Suasana menjadi semakin riuh dengan bunyi terompet pedagang pentol, diiringi mainan anak-anak yang berputar, dan sesekali teriakan bocah yang memecah keheningan. Panitia? Cuek. Pedagang? Tetap semangat mencari nafkah. Sang penceramah? Berusaha menyesuaikan nada dengan harmoni yang tidak terduga.
Bagi sebagian orang, ini mungkin terlihat sebagai kekacauan. Tetapi, jika dilihat lebih dalam, ini adalah wajah Indonesia: kompleks, berwarna, dan penuh dinamika. Pengajian bukan sekadar forum keagamaan; ia adalah cermin kehidupan masyarakat yang mencoba berdampingan di tengah perbedaan.
Peristiwa di atas mengingatkan kita pada tantangan dalam kehidupan bernegara. Seperti suara pedagang yang bersahut-sahutan di tengah ceramah, suara rakyat sering kali bersinggungan dengan kebijakan pemerintah.
Pedagang es teh yang berjuang mencari nafkah di pengajian adalah representasi dari masyarakat kecil yang mencoba bertahan hidup di tengah sistem ekonomi yang sering kali tidak berpihak pada mereka.
Di sisi lain, pemerintah seperti penceramah di pengajian berusaha menyampaikan pesan, menerapkan kebijakan, dan membangun fondasi bangsa. Namun, seperti dalam pengajian itu, jika tidak ada koordinasi antara “penceramah” dan “pedagang,” yang terjadi adalah kebisingan yang tidak terarah.
Menurut data BPS (Badan Pusat Statistik), Indonesia memiliki lebih dari 64 juta UMKM (Usaha Mikro, Kecil, dan Menengah) yang menjadi tulang punggung ekonomi nasional.
Namun, sektor ini juga yang paling terdampak oleh pandemi dan perubahan ekonomi global. Banyak dari mereka, seperti pedagang asongan di pengajian, harus bersiasat di tengah ketidakpastian demi memenuhi kebutuhan sehari-hari.
Di sisi lain, pemerintah menggalakkan program digitalisasi UMKM, subsidi, dan pinjaman lunak. Namun, seperti sang penceramah yang berusaha menyesuaikan dengan suara pedagang, kebijakan ini sering kali tidak cukup menyentuh akar persoalan. Koordinasi antara pemerintah dan rakyat, antara suara ceramah dan suara pedagang masih perlu diharmoniskan.
Lantas, bagaimana cara kita sebagai bangsa untuk mengelola keberagaman ini? Pertama, perlu ada kesadaran bahwa setiap suara, sekecil apa pun, memiliki peran dalam membangun harmoni nasional. Sama seperti pedagang asongan yang melengkapi dinamika pengajian, rakyat kecil juga adalah bagian integral dari kehidupan bernegara.
Kedua, dialog antara pemerintah dan masyarakat harus lebih intensif dan inklusif. Jika penceramah di pengajian bisa berkompromi dengan suara pedagang, pemerintah juga harus mampu mendengar dan merespons suara rakyat dengan bijaksana.

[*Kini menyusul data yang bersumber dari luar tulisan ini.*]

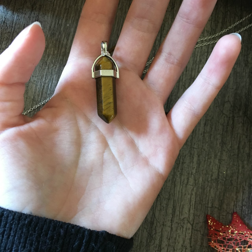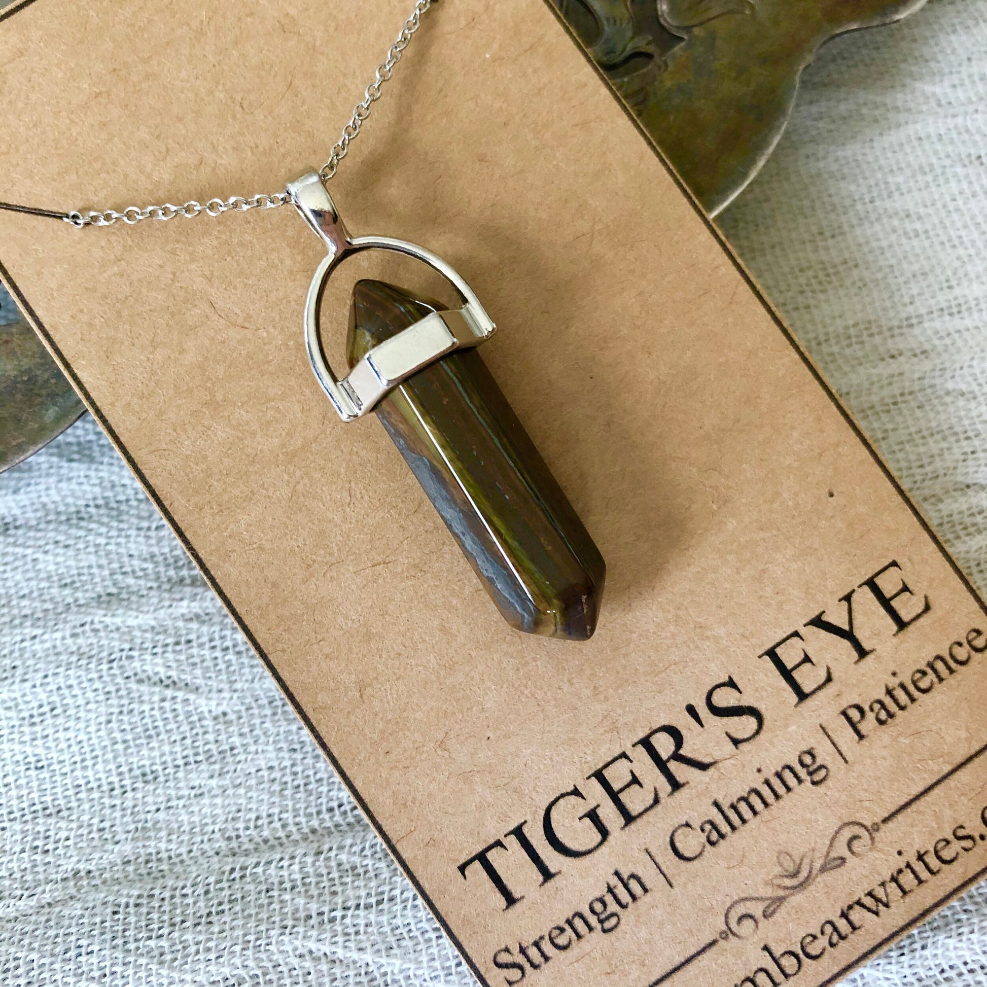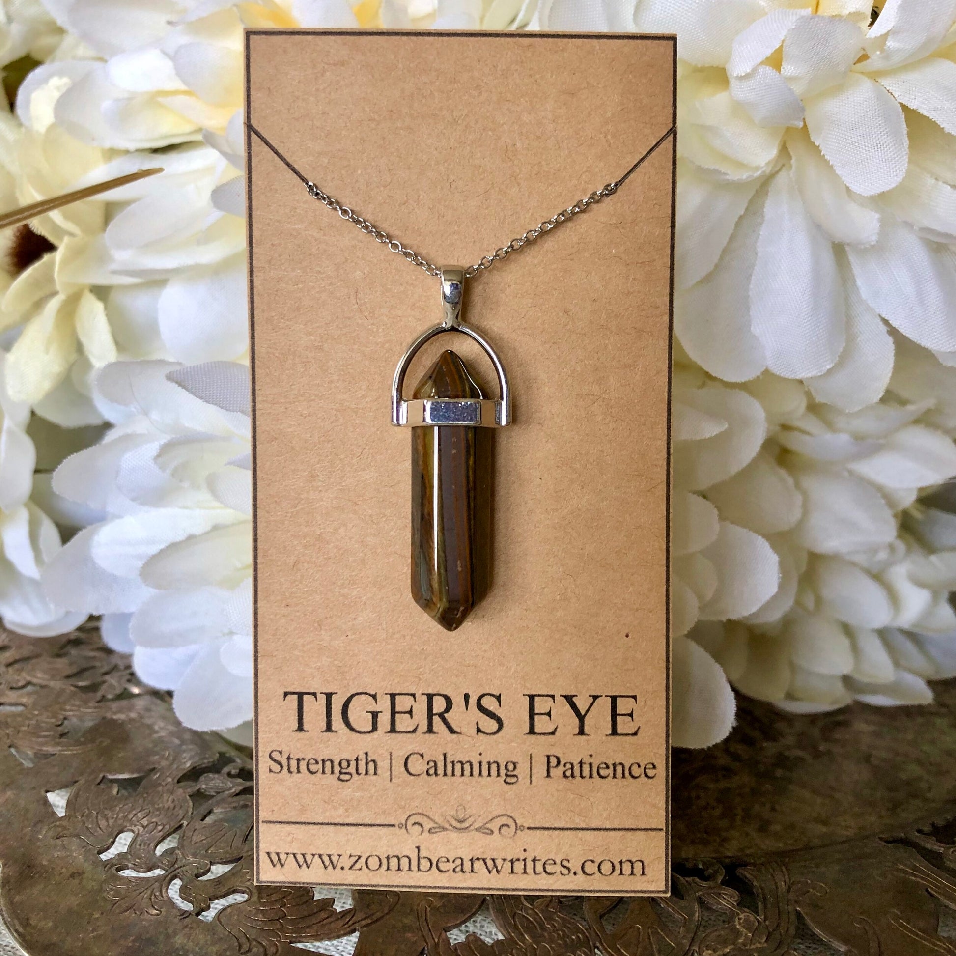 This natural gemstone necklace features a regal tiger’s eye pendant on a stainless steel chain.

Ketiga, penting bagi kita untuk melihat keberagaman ini bukan sebagai sumber konflik, melainkan sebagai potensi. Seperti orkestra yang menghasilkan harmoni dari berbagai instrumen, Indonesia juga bisa menemukan harmoni dalam keberagamannya asal ada koordinasi, komunikasi, dan kesadaran bersama.

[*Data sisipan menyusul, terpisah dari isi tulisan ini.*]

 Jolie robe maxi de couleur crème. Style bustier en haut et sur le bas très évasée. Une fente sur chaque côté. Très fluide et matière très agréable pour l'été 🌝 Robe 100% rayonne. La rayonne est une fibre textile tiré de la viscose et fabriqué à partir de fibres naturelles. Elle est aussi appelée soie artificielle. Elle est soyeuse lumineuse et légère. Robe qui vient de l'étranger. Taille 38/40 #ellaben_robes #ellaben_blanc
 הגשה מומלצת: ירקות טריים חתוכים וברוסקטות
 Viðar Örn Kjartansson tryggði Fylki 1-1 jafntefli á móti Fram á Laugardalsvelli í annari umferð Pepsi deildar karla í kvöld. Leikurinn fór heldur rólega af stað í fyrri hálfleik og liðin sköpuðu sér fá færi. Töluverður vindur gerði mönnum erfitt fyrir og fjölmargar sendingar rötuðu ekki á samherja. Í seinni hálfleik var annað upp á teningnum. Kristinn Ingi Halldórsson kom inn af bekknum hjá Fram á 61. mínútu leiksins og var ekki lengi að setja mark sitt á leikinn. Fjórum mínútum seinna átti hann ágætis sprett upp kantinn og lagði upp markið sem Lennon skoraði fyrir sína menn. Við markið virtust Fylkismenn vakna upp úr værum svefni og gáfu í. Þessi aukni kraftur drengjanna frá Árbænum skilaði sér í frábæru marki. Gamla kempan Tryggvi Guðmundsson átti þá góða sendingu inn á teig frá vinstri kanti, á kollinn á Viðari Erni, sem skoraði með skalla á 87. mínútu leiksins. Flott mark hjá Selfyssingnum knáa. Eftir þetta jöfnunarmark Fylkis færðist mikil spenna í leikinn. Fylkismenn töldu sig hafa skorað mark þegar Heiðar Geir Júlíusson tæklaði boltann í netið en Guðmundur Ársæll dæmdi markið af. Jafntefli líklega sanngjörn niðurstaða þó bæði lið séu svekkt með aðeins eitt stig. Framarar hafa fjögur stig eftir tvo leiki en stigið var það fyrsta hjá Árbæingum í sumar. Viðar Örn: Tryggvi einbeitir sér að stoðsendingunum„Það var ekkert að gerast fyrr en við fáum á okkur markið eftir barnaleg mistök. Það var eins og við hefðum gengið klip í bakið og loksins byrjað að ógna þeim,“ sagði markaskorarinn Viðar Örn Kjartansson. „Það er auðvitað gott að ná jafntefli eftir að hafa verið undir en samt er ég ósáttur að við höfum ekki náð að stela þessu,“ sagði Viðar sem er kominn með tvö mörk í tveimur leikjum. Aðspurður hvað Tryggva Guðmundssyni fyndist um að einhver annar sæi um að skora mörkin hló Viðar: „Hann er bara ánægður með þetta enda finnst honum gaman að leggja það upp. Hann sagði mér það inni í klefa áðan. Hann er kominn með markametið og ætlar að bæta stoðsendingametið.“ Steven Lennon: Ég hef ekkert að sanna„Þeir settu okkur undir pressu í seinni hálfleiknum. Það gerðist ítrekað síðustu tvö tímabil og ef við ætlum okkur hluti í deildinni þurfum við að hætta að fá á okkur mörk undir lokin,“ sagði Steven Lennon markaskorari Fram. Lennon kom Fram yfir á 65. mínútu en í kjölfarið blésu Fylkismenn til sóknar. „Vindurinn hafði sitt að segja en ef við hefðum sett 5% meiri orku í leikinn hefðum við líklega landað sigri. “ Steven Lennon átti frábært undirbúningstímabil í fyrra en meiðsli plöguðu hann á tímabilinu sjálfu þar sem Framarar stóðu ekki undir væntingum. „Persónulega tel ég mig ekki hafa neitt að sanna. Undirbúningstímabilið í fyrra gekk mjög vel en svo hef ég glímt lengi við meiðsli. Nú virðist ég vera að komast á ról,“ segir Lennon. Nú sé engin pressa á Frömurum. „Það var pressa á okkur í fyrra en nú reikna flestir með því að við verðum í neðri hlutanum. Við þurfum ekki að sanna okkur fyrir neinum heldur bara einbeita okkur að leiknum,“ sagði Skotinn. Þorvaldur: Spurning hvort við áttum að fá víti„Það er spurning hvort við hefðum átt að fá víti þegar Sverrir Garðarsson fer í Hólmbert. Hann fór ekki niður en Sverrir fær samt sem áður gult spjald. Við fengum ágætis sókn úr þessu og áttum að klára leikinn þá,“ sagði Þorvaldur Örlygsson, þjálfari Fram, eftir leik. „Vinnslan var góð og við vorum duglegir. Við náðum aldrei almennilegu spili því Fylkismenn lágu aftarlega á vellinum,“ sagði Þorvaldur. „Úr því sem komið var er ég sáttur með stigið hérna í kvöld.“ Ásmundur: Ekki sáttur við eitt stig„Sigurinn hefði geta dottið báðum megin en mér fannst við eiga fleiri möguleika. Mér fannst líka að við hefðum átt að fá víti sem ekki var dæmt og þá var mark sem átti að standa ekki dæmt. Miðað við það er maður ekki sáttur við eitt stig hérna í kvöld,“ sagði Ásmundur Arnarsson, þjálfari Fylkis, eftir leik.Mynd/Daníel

Mari kita belajar dari kisah pengajian di atas. Di tengah hiruk-pikuk suara pedagang dan ceramah, ada pelajaran besar tentang kehidupan bernegara: bahwa keberagaman adalah keniscayaan, dan harmoni hanya bisa tercipta jika kita saling mendengar dan memahami.
Sebagai rakyat, mari kita terus bersuara dengan cara yang konstruktif. Dan sebagai pemerintah, mari kita menjadi pemimpin yang tidak hanya berbicara, tetapi juga mendengar. Karena, seperti dalam QS. Al-Baqarah:126 yang sering dikutip para penceramah, doa untuk tanah air tidak hanya tentang keberkahan, tetapi juga tentang bagaimana kita menjaga harmoni di dalamnya.
TNI Bentuk Satgas Tindak Prajurit Terlibat Judi Online, Narkoba, Penyelundupan, dan Korupsi
Indonesia adalah rumah bagi kita semua. Suarakanlah harapan, dengarkanlah mimpi, dan jadikan keberagaman ini sebagai kekuatan untuk melangkah bersama menuju masa depan yang lebih baik. Bisakah kita menemukan harmoni di tengah kebisingan? Tentu saja bisa—asal kita mau mendengar.